Greed trumps the rule of law. Follow the money trail. From Bush to local businessmen, the motivation is the same.
"Greed trumps the rule of law."
Or it doesn't. You certainly can't tell from this thoroughly biased article, which starts out saying that the mayor has "declared war" on illegal immigrants (I'm somewhat surprised that AP used the term "illegal"), and asserting that these illegals had "revitalized the town's moribund economy."
If the AP says the sun rose in the east, better look out the window and check for yourself.
Would someone explain this?
What a crazy statement. They are not America.
That's the greatest fallacy of the argument. Illegal immigrants (wetbacks for the politically incorrect) do not pay income tax. They can't.
You're asking for an explanation of what a child said? C'mon. We can't even fathom the mindsets of many adults. What the great majority of kids think about local, national and international issues should be seen as irrevalant.
>>You can't have it both ways, either some do or do not work with a stolen SS#. The ones who do are in fact paying taxes because their employers are withholding them.<<
Did you notice that there are options on the W-4 form so that you can claim 12 dependents, so that no money will be withheld for income tax? If you steal a SS# every year (or use a new bogus one) you will not pay any withholding for income tax.

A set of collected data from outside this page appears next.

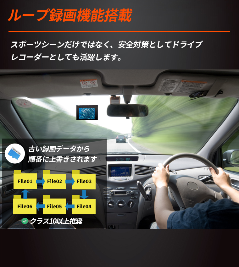 ドライブレコーダー機能も搭載で、バイクや自転車、カートや車に取り付けられます。野外活動、エクストリームスポーツ、水上運動に適します。また、ホームセキュリティ、車のDVRに活躍します。
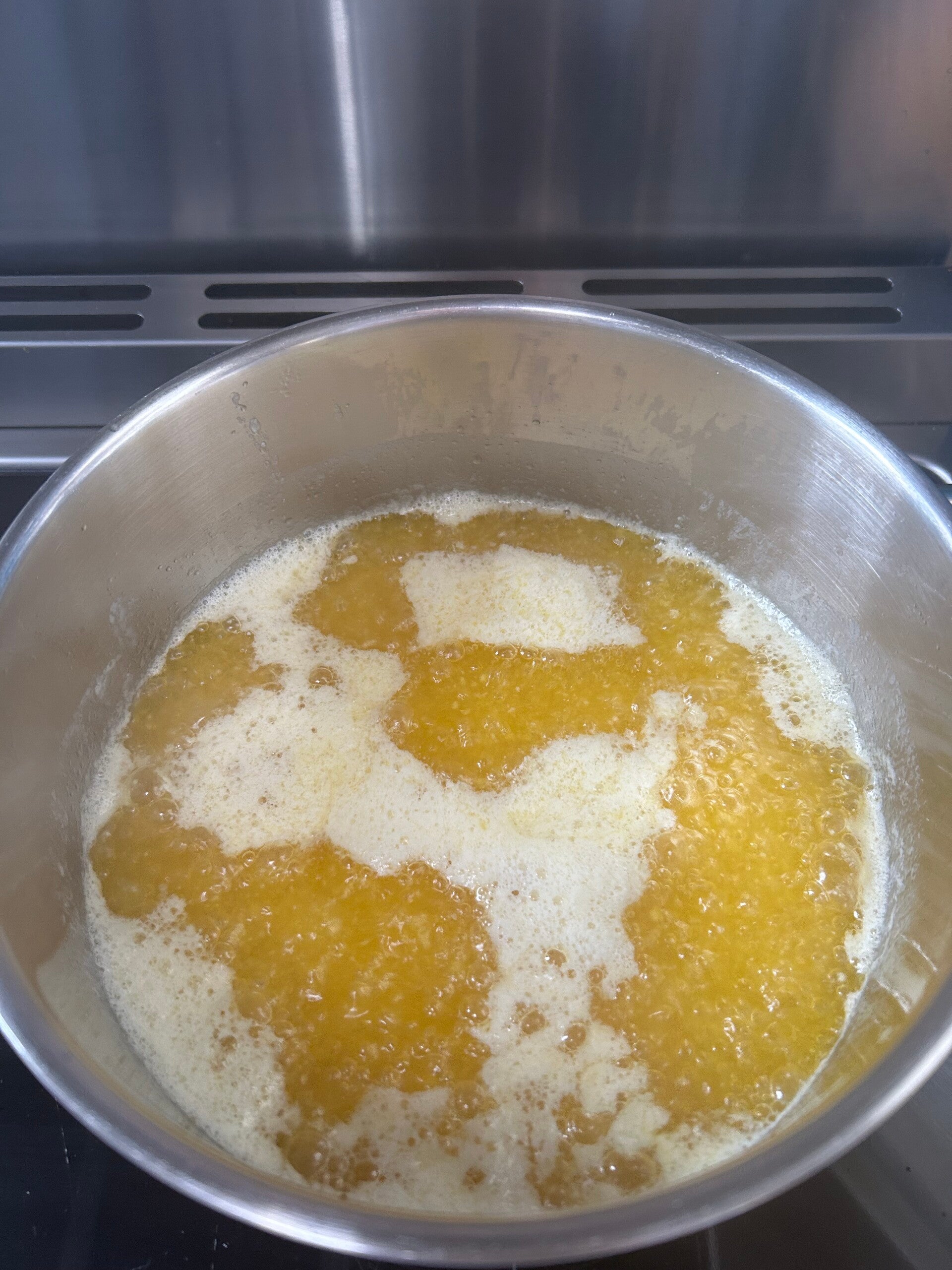 1.Melting:Place the butter in a heavy-bottomed stainless steel pot. Let it melt slowly over medium heat.
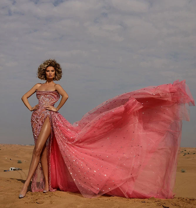 Description: Pink Corset dress with long detachable train,high open slit on the left leg,with folded layers to the top,embroidered in crystals and stones.

I don't know if there is a way for a wage earner to prevent employers from withholding SS and Medicare, but unless they expect to collect Social Security and Medicare some day, they do not have to pay income tax.
Suppose you were a general contractor and you hired a subcontractor, say for home or building construction. Do you have to verify that all employees of the subcontractor have a SS#?
Well I guess there is always the appeal.
When I was growing up in West Texas it was roughly 25% Meskins,10% (or less)blacks (or African-Americans,Negroes whatever's the "soup de jour"). Today it's over 65% meskin. The homeplace (where my mom lives) now has a "pit" for fighting dogs or chickens and a flourishing cocaine trade next door. I feel for the people of Hazleton but as we've known in Texas for a long time "it's a done deal".